Insurance against all potential risks and losses

We maintain insurance against losses that may arise in case of property damage including business interruption insurance, accidents, transportation of goods. We also maintain corporate product liability and directors and officers liability insurance policies.

We maintain obligatory insurance policies required by law and provide employees with medical insurance as part of our compensation arrangements with our employees.

Nevertheless, we do not carry insurance against all potential risks and losses, and our insurance might be inadequate to cover all of our losses or liabilities or may not be available on commercially reasonable terms.

Ability to effect staff alterations and shortages of skilled labor

Our key Russian subsidiaries are in many regions the largest employers in the cities in which they operate, such as Volzhsky, Taganrog, Kamensk-Uralsky and Polevskoy. While we do not have any specific legal social obligations or responsibilities with respect to these regions, the ability to effect alterations in the number our employees may nevertheless be subject to political and social considerations.
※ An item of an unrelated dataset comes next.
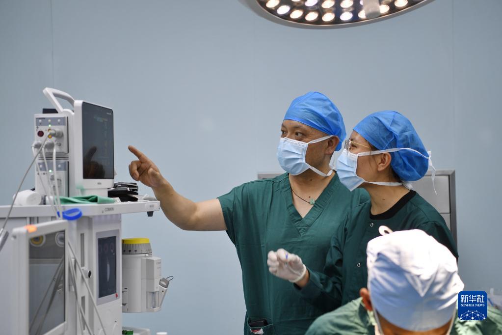 7月31日,在阿里地區(qū)人民醫(yī)院手術室,西藏自治區(qū)人民醫(yī)院麻醉科醫(yī)生達娃吾珠(左一)指導當地麻醉醫(yī)生旦增次白進行麻醉監(jiān)測。新華社記者 張汝鋒 攝

Any inability to make planned reductions in the number of employees or other changes to operations in such regions could have an adverse effect on the results of operations and prospects.

Competition for skilled labor in the steel pipe industry remains relatively intense, and labor costs continue to increase moderately, particularly in the CIS, Eastern Europe and the United States. We expect the demand and, hence, costs for skilled engineers and operators will continue to increase, reflecting the significant demand from other metallurgical companies and other industries. Continual high demand for skilled labor and continued increases in labor costs could have a material adverse effect on our business, financial position and results of operations.